In this study, 40 NHs with 650 residents were invited to participate. Of these, 30 residents declined participation and 10 had missing data. Thus, the final study population consisted of 610 elderly residents with collected medical lists for 576 (94%), hospital medical records for 594 (97%) and completed questionnaires for all residents. The mean age was 86 (± 6.9) years and 76% were women; 74% of residents had a dementia diagnosis (Table 1).

The number of different DLB signs, from the questionnaires, were used to create two groups: residents with 0–1 DLB signs and those with 2–4 DLB signs. In an earlier study of the same population, we reported that 84% had 0–1 and 16% had 2–4 main clinical features of DLB [29]. The residents with 2–4 DLB signs had the following dementia diagnoses: AD in 19%, DLB/Parkinson’s disease with dementia (PDD) in 17%, dementia not otherwise specified (NOS) in 16%, vascular dementia (VaD) in 13%, AD mixed dementia (AD-MIX) in 12% and no diagnosis in 23%. Finally, 22 of the residents were already diagnosed with DLB/PDD, 20 (91%) of these were classified within the 2–4 DLB signs group (Table 1).

Psychotropic medication

We found the usage of any psychotropic medication in 86% of residents. All four psychotropics (N05A, N05B, N05C and N06A) were found in 6%, three in 17%, two in 31%, and one in 32% of residents. We found the usage of anxiolytics in 58%, hypnotics/sedatives in 41%, anti-depressants in 50% (Table 2). In addition, anti-dementia medication in 33% of residents (Table 3).

Usage of antipsychotics was found in 22% of the study population, most prevalently risperidone (10%) followed by haloperidol (7%) and other atypical antipsychotics (clozapine, olanzapine and quetiapine) (2%) (Table 2). There was no difference in antipsychotic treatment according to sex or dementia diagnosis (yes/no). However, the age groups showed differences where younger residents (≤85 years) had significantly more frequent usage of antipsychotics compared with those ≥86 years (Tables 2 and 3). Furthermore, the usage of antipsychotics increased with the increasing number of main DLB signs from 25% to 43% (Fig. 1). Comparing all residents, those in the 2–4 DLB group had the highest usage of any antipsychotics (32%) and the highest usage of haloperidol (14%) (Table 2).

Fig. 1.

Fig. 1

Antipsychotic treatment in relation to the number of clinical DLB features. *The total number of residents with clinical features of dementia with Lewy bodies (DLB) and antipsychotic treatment. The DLB signs are: visual hallucinations, parkinsonism, fluctuating cognition, and rapid eye movement sleep behaviour disorder. P-value < 0.001

Of the participants with a dementia diagnosis, 45% had treatment with some anti-dementia medication. None of the residents without a dementia diagnosis had anti-dementia medication (Table 3). Younger residents (aged ≤85 years) had significantly higher usage of some anti-dementia medication (43%) compared with those aged ≥86 years (26%) (Table 3).
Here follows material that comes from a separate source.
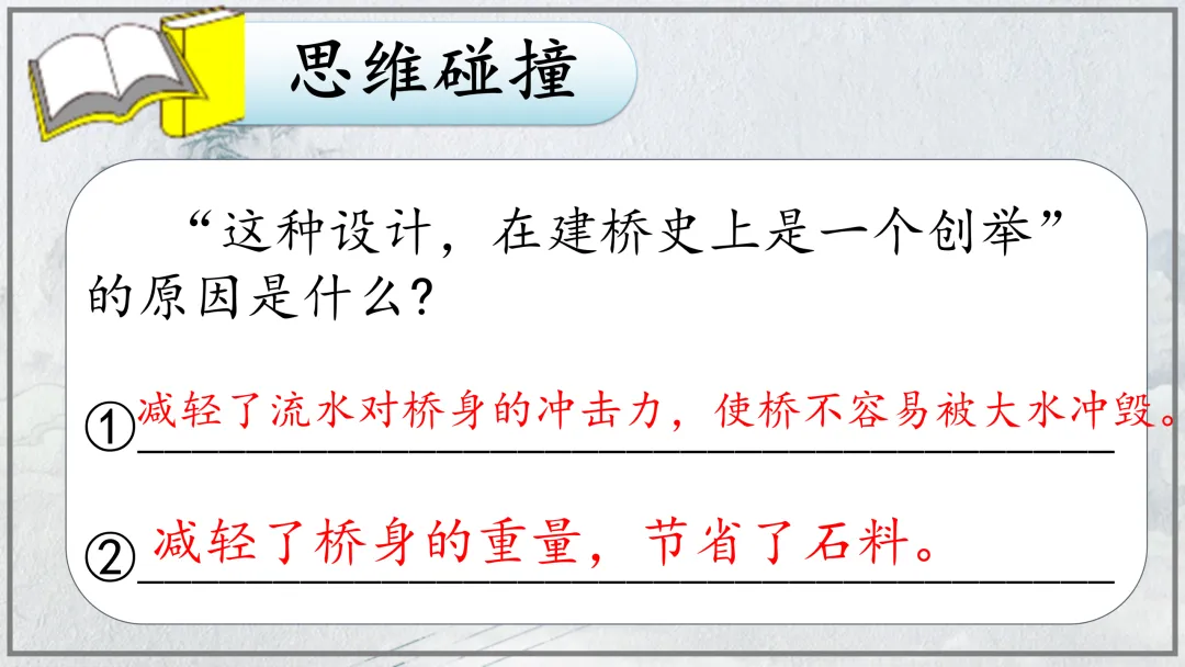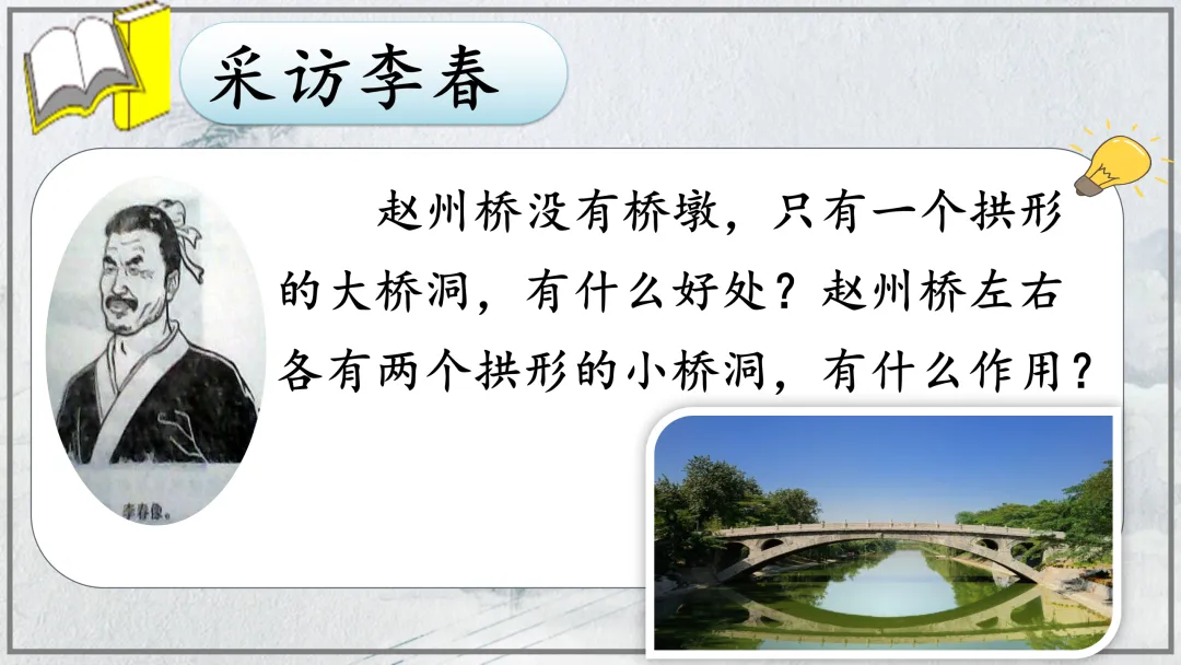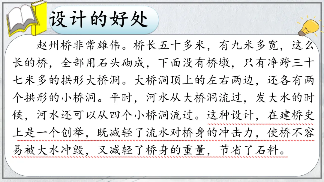 - 初步了解赵州桥,知道赵州桥的设计为什么是建桥史上的创举。
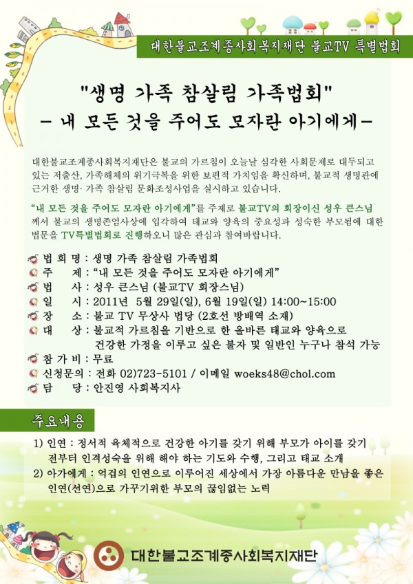 (안내) 조계종 사회복지재단 주최 생명,가족 참살림 법회초대

Comparing the 0–1 DLB and 2–4 DLB groups, there were no differences in treatment with any cholinesterase inhibitors (ChEI). However, higher usage of memantine was seen in the 2–4 DLB group (Table 3). In the group with 2–4 DLB signs, 37% were undergoing anti-dementia treatment, while 62% of those already with a diagnosis for DLB/PDD were undergoing anti-dementia treatment.

Discussion

In this study, geographically covering all 40 NHs in the third largest city in Sweden, we found an increasing usage of antipsychotics with the increasing number of DLB signs. Furthermore, residents with two or more main clinical DLB features were also receiving more antipsychotics and less anti-dementia medication compared with the rest of the NH residents. Finally, almost 40% of the residents with 2–4 DLB signs had either dementia NOS or no dementia diagnosis, thereby being at risk for unsuitable treatment.

Study population

A number of studies have emphasized the importance of identifying DLB/PDD patients at an early stage, which in turn may reduce the risk of an incorrect diagnosis, unsuitable medication, worsening of the quality of life, early NH admission and increased risk of shorter survival [3337]. By dividing the study population into two groups (0–1 and 2–4 DLB signs), we could extract the high-risk residents for DLB/PDD diagnosis together with their clinical features, medical usage and actual diagnoses. The prevalence of NH residents with 2–4 DLB signs in this study was 16%. Although not specifically addressed here, the observational data from clinical nurses and recorded clinical signs at the time of the study suggest that residents with 2–4 DLB signs could have undiagnosed DLB/PDD. Furthermore, over 90% of the residents already with a diagnosis for DLB/PDD from hospital medical records were in the group with 2–4 DLB signs, which indicates that the study questionnaire was efficient in identifying residents with possible DLB/PDD (Table 1).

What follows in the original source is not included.